Experimental methods

The drying experiments, were carried out in a solar drier with forced convection for the periods (May-July 2015), under the climatic conditions of the city of Batna. Each experiment starts at 9 am to 5pm. The leaves of spinach to be dried of initial moisture content is approximately 93,2 %, drying occurs until a final moisture of 2%; by taking the loss of moisture using a balance starting from an initial mass of 500g/tray, each thirty minute.

During this process, the air velocity setting in the drying chamber was fixed at 1 m/s. Air temperature (ambient temperature and the air temperature at the inlet, middle, and outlet of the collector), solar radiation, and wind velocity were measured. The temperatures of air inlet, inside and outside the drying chamber, were also measured each thirty minute. Relative humidity sensors were installed in the middle of the drying chamber. Air temperature was measured by a K-type thermocouple, and the intensity of solar radiation was measured by a pyranometer. The solar dryer improvement involves the addition of a drying air recycling system, connecting the drying chamber outlet with the solar collector inlet.

The study of the influence of the different fractions of recycled air (0, 50 and 90%) on the kinetics of drying and the effect of drying on the quality of product to dry was carried out. During the drying operation, there is a double transfer: thermal and mass. To illustrate these transfer movements, there are several characteristic curves called "drying curves".16 To know:

  1. The water content as a function of time: X=f(ts);
  2. The drying rate as a function of the water content: dX/dt=f(X).

Results and discussion

Experimental conditions

Drying tests of spinach in the forced convection indirect solar dryer were carried out during the period of May-July 2015. Figure 3 shows the variation of ambient conditions with time of day during the experimental drying. This period is characterized by sunny days. Figure 3A presents the change in global solar radiation for the day considered. It varied between 843 and 950W/m2, the intensity of solar radiation reached its maximum around noon hours. The variation in sunshine during drying implies a variation in the ambient air temperature of 23.0 and 31.9°C. In addition, the relative humidity varied between 17.5 and 43.6% and the maximum wind velocity is 3.6m/s are shown in Figure 3B.

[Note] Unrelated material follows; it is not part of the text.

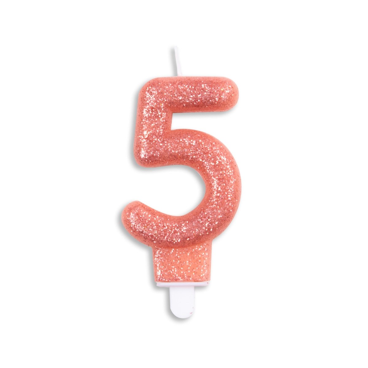 Świeczka 5 lat różowe złoto z brokatem 7 cm

Figure 3(A&B) Variation of ambient conditions during the experiments drying.

Study of drying kinetics

The spinach leaves were dried to a final moisture content of 2% from 93.2% (wet basis) in 6 hours with an air-drying speed equal to 1m/s. The drying curves of spinach are decreasing (Figure 4). They admit the same pace in the three experiments, but with a time gain of 3 to 4 hours of the drying time for the second and third experiments respectively, when increasing the fraction of recirculated air by 50 to 90%.

Figure 4 Variation of mean moisture content with drying time at different fractions of air recycled.

It is obviously observed from the Figure 4, that the moisture content is decreased faster at the initial stages of drying and thereafter became slower as drying proceeds. It is seen from the Figure 5 that the drying rate increased marginally with the increase in fraction of air recycled.17,18

Figure 5 Drying rate according to function of the reduced water content at different fractions of air recycled.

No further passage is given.